More tech vendors now feel and confess to the threat of open source alternatives. For example, the impacts and variety of OSS challenges increasingly are specified in risk disclosures to current and prospective shareholders in annual reports, quarterly reports, stock offering prospecti, and merger deal documents filed with the U.S. Securities and Exchange Commission.
For example, what do you think was the number-one threat to profitability admitted by Microsoft in its October 15 prospectus, stated before a dozen other competitive, technology, litigation, and other pressures? Answer: open source.
The same acknowledgement that "it's a new world" has surfaced in S.E.C. filings in recent weeks from Palm (10/14), Sun (9/29), Silicon Graphics (9/29), Caliddus Software (9/22), Provide Commerce (9/22), Oracle (9/18), Opsware (9/12), RealNetworks (9/12), NetIQ (9/9), and others. "OSS worries" are a clear, accelerating trend for traditional, proprietary-only vendors - both pure software companies and vendors of hardware, peripherals, and other technology products with software inside.
3. OSS Changes Your Prospects' Procurement Processes and Standards
Preparation beats inspiration. Planning and synchronization is better than fast-talking improvisation.
What do you say when your prospect asks "Is there any freeware in your products?" How will your reps reply, when the RFP now requires you to "Disclose any open, free, or other non-proprietary code in your product design, development tools, delivered version, or documentation"?

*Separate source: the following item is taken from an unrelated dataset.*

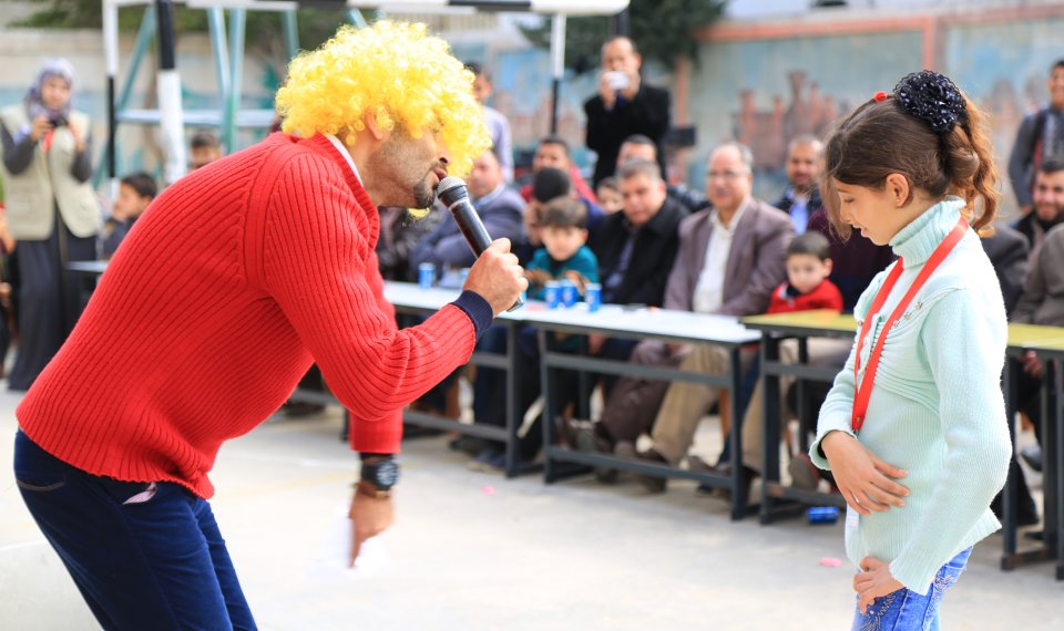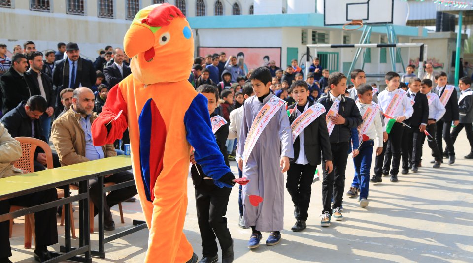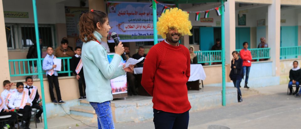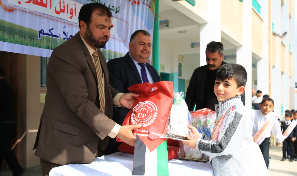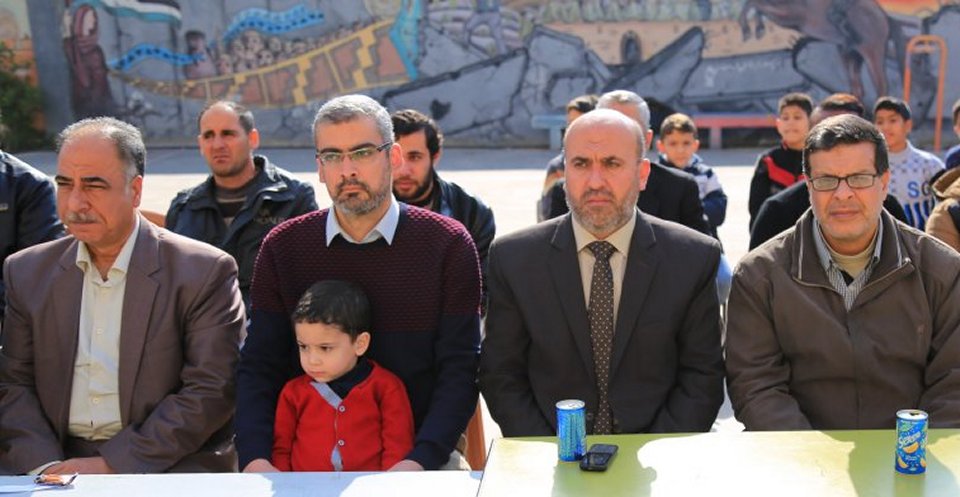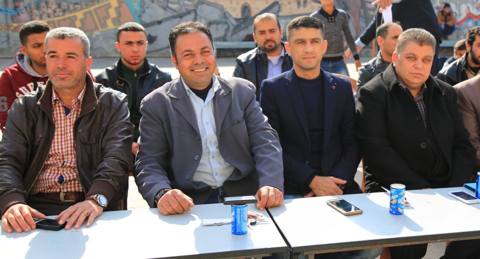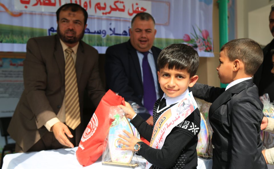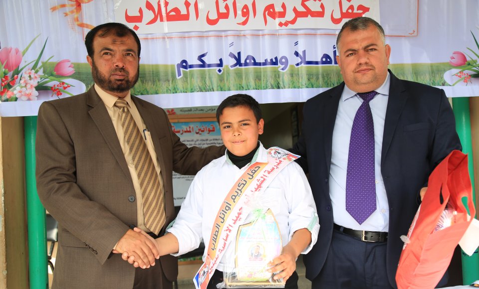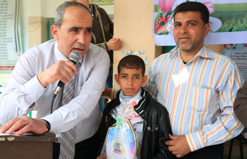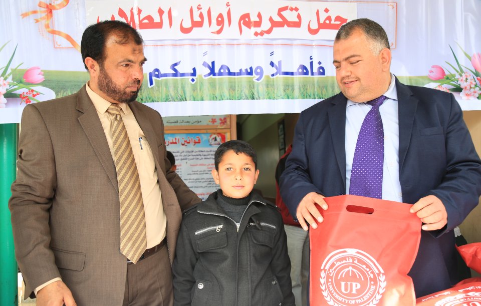 رجل الاعمال محمد نايف الأغا، أ. محمد زارع الاسطل، أ.مجدي أبوموسي (مدير المدرسة)، أ. حسام محمد الأغا

Be ready. Vendors are encountering such interrogation from their recent leads. Also, in recent months customer-centric contract negotiating seminars have added open source to their recommendations of "what to watch out for, from those rascally vendors." And lawyers advising your prospects are telling them to get new disclosures, warranties, and potential penalties if a tech vendor includes OSS without approval. Finally, MIS managers and their bosses want more assurances that software and network security won't be compromised by uncertain code in the post-9/11 era.

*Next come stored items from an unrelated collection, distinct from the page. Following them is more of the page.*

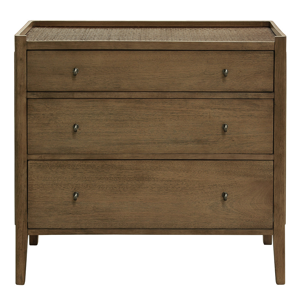 The Marina Dresser is a handsome solution for all your storage needs, combining style and functionality in one striking piece. Crafted from sturdy, sustainably harvested Bayur wood, it features three large equally sized drawers, providing ample space for your belongings. The recessed top showcases a natural rattan weave finish, adding texture and charm to its design. Vertical ring pull handles in antique brass enhance the dresser’s elegant aesthetic, while subtly tapered legs contribute to its sophisticated silhouette. The sleek look and simplicity of the Marina Dresser make it versatile enough to complement both traditional and contemporary environments. This stylish piece not only keeps your space organised but also serves as a stunning focal point in your bedroom or living area.
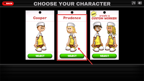 2、在【CHOOSE-YOUR-CHARACTER】界面,选择【Prudence】对应的【SELECT】按钮,即可确定该角色开启游戏。
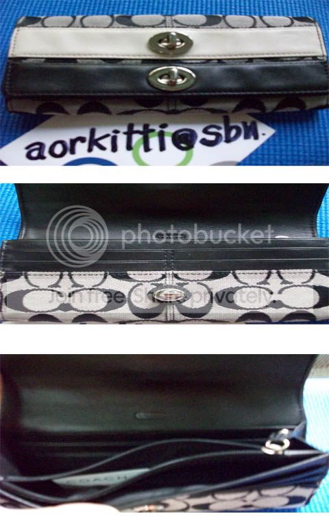 กระเป๋าตังCoach แบบยาวประมาณ 4”x7.5” มีช่องใส่บัตร 13 ช่อง ช่องซิบใส่เหรียญ ช่องใส่แบงค์ ช่องใส่สมุดเช็คถอดออกได้ ลายกราฟฟิกCoach น้ำตาล วัสดุเป็นผ้า และหนัง ขาย 4,500 บาท
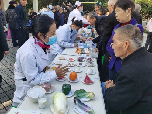 活动现场,内分泌科医生用“食物模具”为居民讲解饮食对糖尿病患者的重要性,护士们为患者监测指血糖,量血压以及进行艾条灸、耳穴压豆等中医护理操作,深受居民喜爱。发放百余份糖尿病健康宣教资料,使大家加深了对糖尿病的了解和认识,真正做到早发现、早预防、早治疗。内一科护士带领现场居民练习了“二十四式太极拳”和“八段锦”,太极拳和八段锦均被列入中国新冠患者康复方案,可增强患者体质、预防疾病。
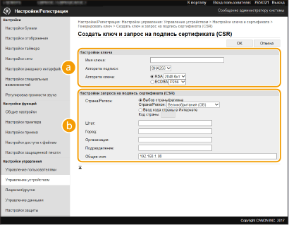 Поскольку у сертификатов, сгенерированных на аппарате нет цифровой подписи CA, в зависимости от того, с каким устройством устанавливается связь, может возникнуть ошибка связи. Чтобы центр сертификации выдал сертификат с цифровой подписью CA, необходимо получить данные запроса на подпись сертификата (CSR), которые администратор может сгенерировать в Удаленном ИП. После выдачи сертификата зарегистрируйте его с помощью сгенерированного с помощью CSR ключа.
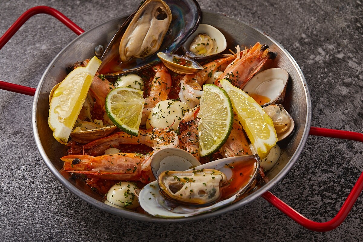 相傳是15世紀時哥倫布因颶風襲擊、逃生至西班牙小島,當地漁民便是以這道菜款待他,而後成為西班牙當地招待尊貴客人的佳。主廚選用口感堅實的西班牙 Bomba 米,以甜椒、洋蔥與蒜頭為 基底,有別於一般常見以魚骨或蝦頭熬煮的海鮮湯頭為基底的作法,為增加高湯鮮味以連骨帶肉整隻鱸魚熬煮成魚湯、蝦頭精華熬製的蝦湯與蛤蜊湯三鮮齊下提味,顆顆米粒 飽吸豐美的海鮮湯汁,濃郁的海洋氣息迴盪在舌尖,底層的焦脆鍋巴則是脆口的意外之喜。

Customers and prospects have been sensitized to these new issues by the SCO v. IBM and Red Hat v. SCO lawsuits, their widespread publicity, and angry Internet postings by OSS-favoring geeks. Now, in the post-Enron, Sarbanes-Oxley law era, corporate managers worry that "things aren't always what they seem -- or need to be." This increased caution and diligence includes the history and contents of software offered by vendors. You have the need to know now about OSS in your wares.

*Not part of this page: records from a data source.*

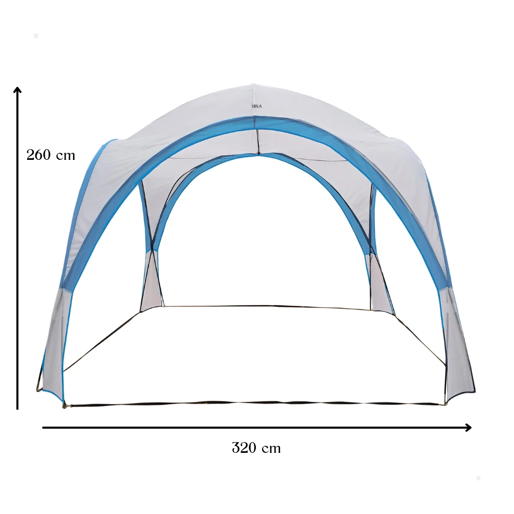 Deze partytent van HIXA is ideaal bij het geven van een feestje. De tent biedt ruimte voor ongeveer 10 mensen. U kunt de tent gemakkelijk opzetten in uw tuin of op een grasveld. De afmetingen van de partytent zijn 320x320x260 cm.
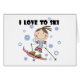 Mädchen, die die Liebe, die und auch Liebe-Strichmännchen Ski fährt, erhält einem Tritt aus unserer Liebe heraus, Ski zu fahren T - Shirts, Hoodies, Tassen, Karten, Aufkleber, Taschentaschen, Schlüsselanhänger und anderes Skikleid und -geschenke, die ein Strichmännchenmädchen und -text, der, kennzeichnen "mich Liebe Ski zu fahren!" liest.
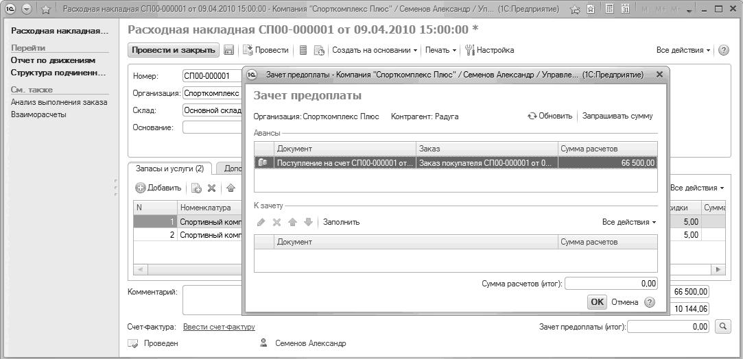 Также существует возможность автоматического зачета аванса (программа сама определит наличия аванса и зачтет его при проведении расходной накладной).
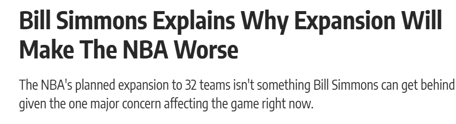 在最新一期节目中,比尔-西蒙斯谈到:现在联盟摆烂风气太重,不适合扩军。他担心,扩军不仅提升不了竞争,只会再多两支球队加入摆烂行列。
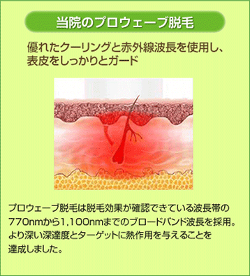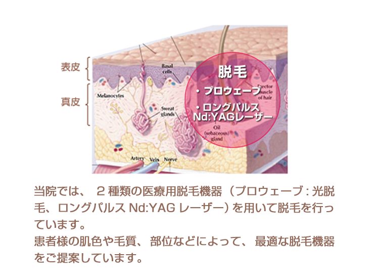 当院では、2種類の医療用脱毛機器(プロウェーブ(光脱毛)、ロングパルスヤグレーザー)を用いて脱毛を行っています。
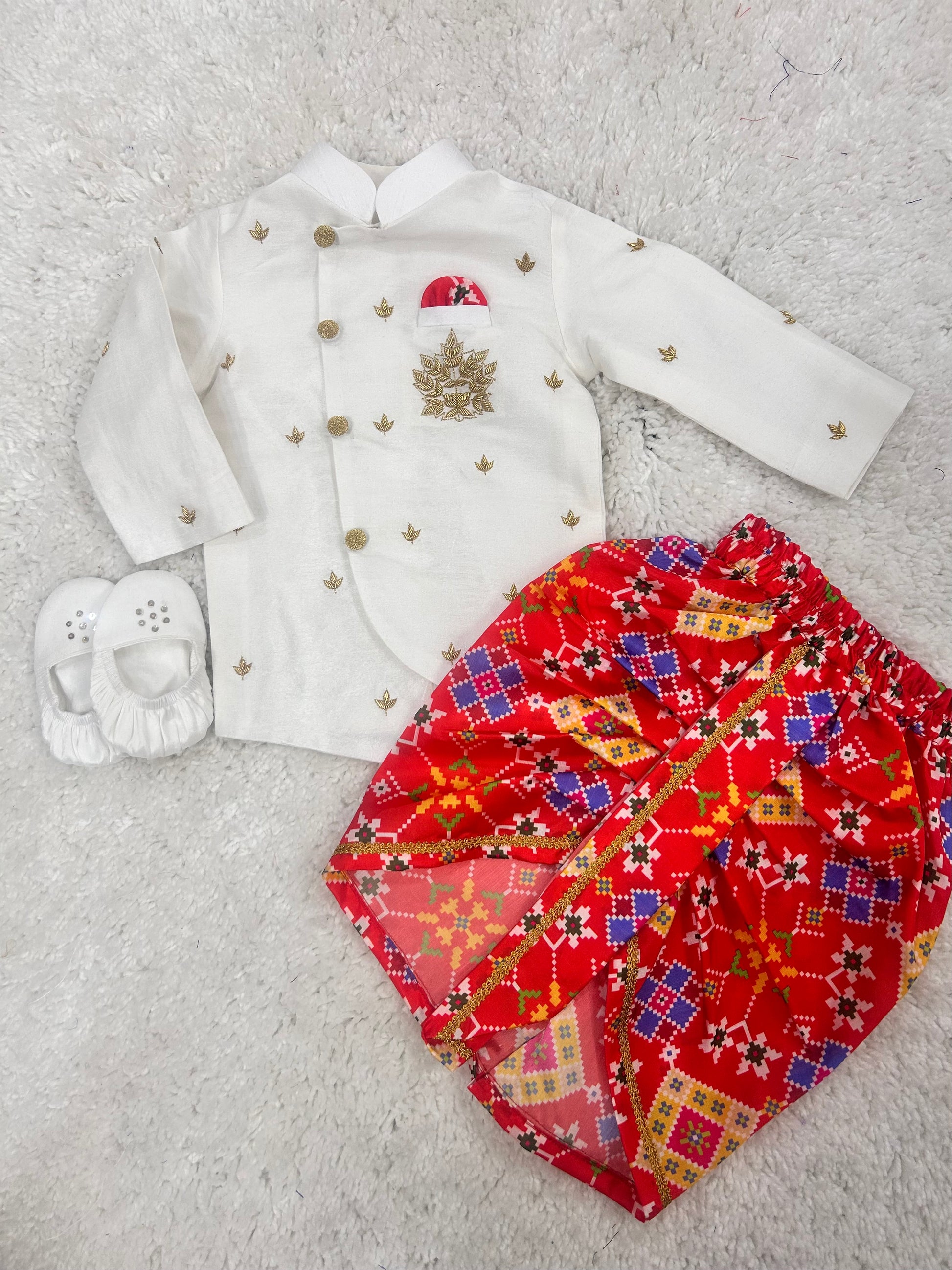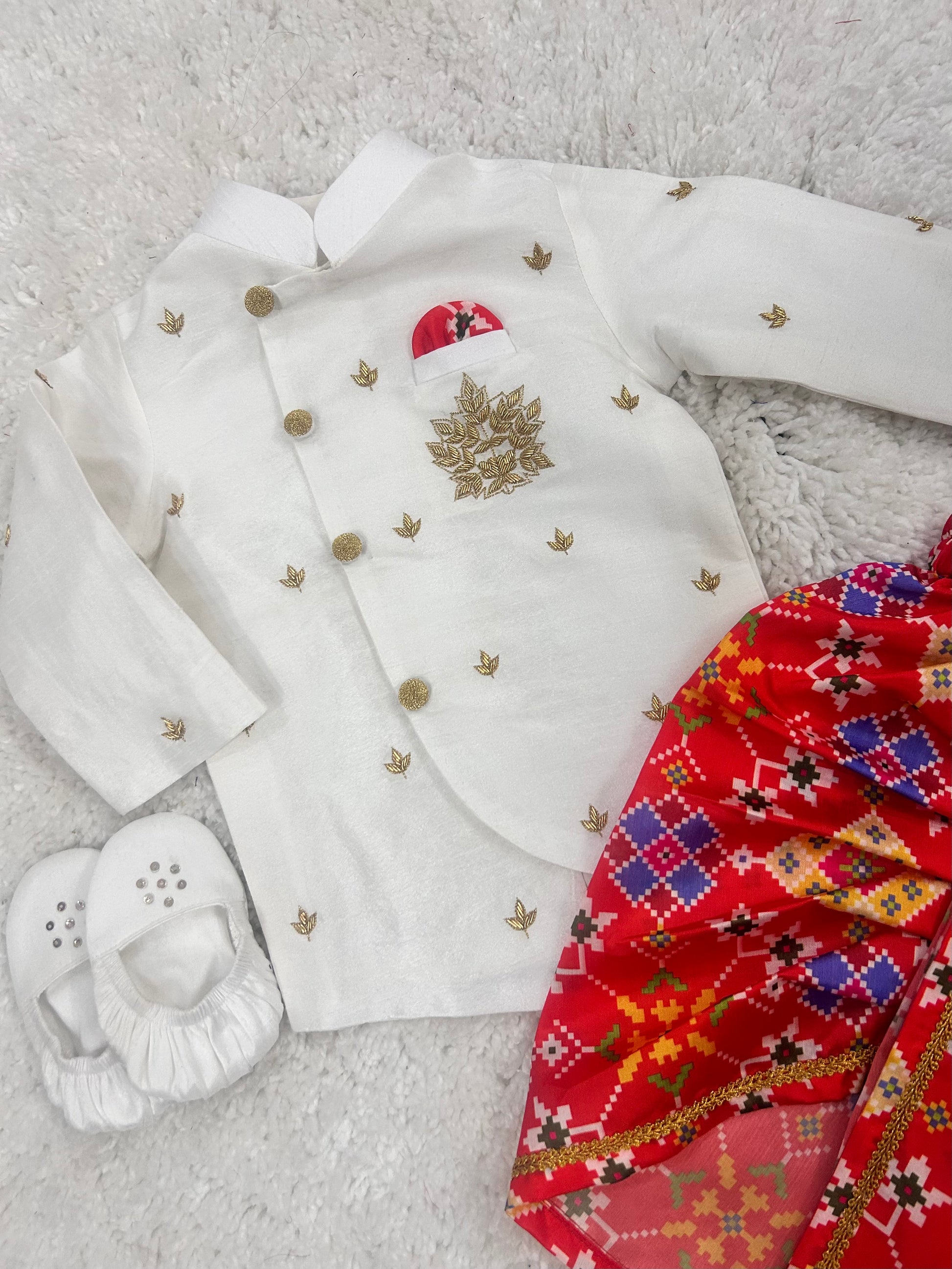 Timeless and refined, this White Kurtha and Patola Dhothi Set is a celebration of heritage and artistry. The kurtha features intricate hand embroidery detailing all over, offering a subtle yet sophisticated texture that speaks to traditional craftsmanship. Paired with a vibrant Patola-style dhothi, this ensemble beautifully blends minimalism with cultural richness.

4. OSS Might Impair Your Partnering Potential, or May Help It Someday
Microsoft has over $49,000,000,000 in cash (as of its 9/5/03 10-K report to the S.E.C.). Want some?
Microsoft continues to expand its goals, product offerings, aid to friendly symbiotic vendors, and cash reserves. (Any surprise?) But it resists and even battles both Linux and other OSS, urging instead the benefits to customers of the traditional, proprietary business model for software development, licensing, and support. Its "shared source" initiative is sometimes viewed as a begrudging, small, but necessary adjustment to the OSS revolution.
Recently-disclosed documents show that Microsoft will prohibit an OEM licensee from mixing Microsoft code with OSS code or processes. Such "identified software" (it doesn't have to be called "open source" or "freeware", which might make it harder to find in your code base) can't be mingled with a partner's code. (Can you blame Microsoft or other vendors for such prohibitions, given the potential adverse effect on software proprietary rights of the stronger, restrictive forms of OSS licenses?)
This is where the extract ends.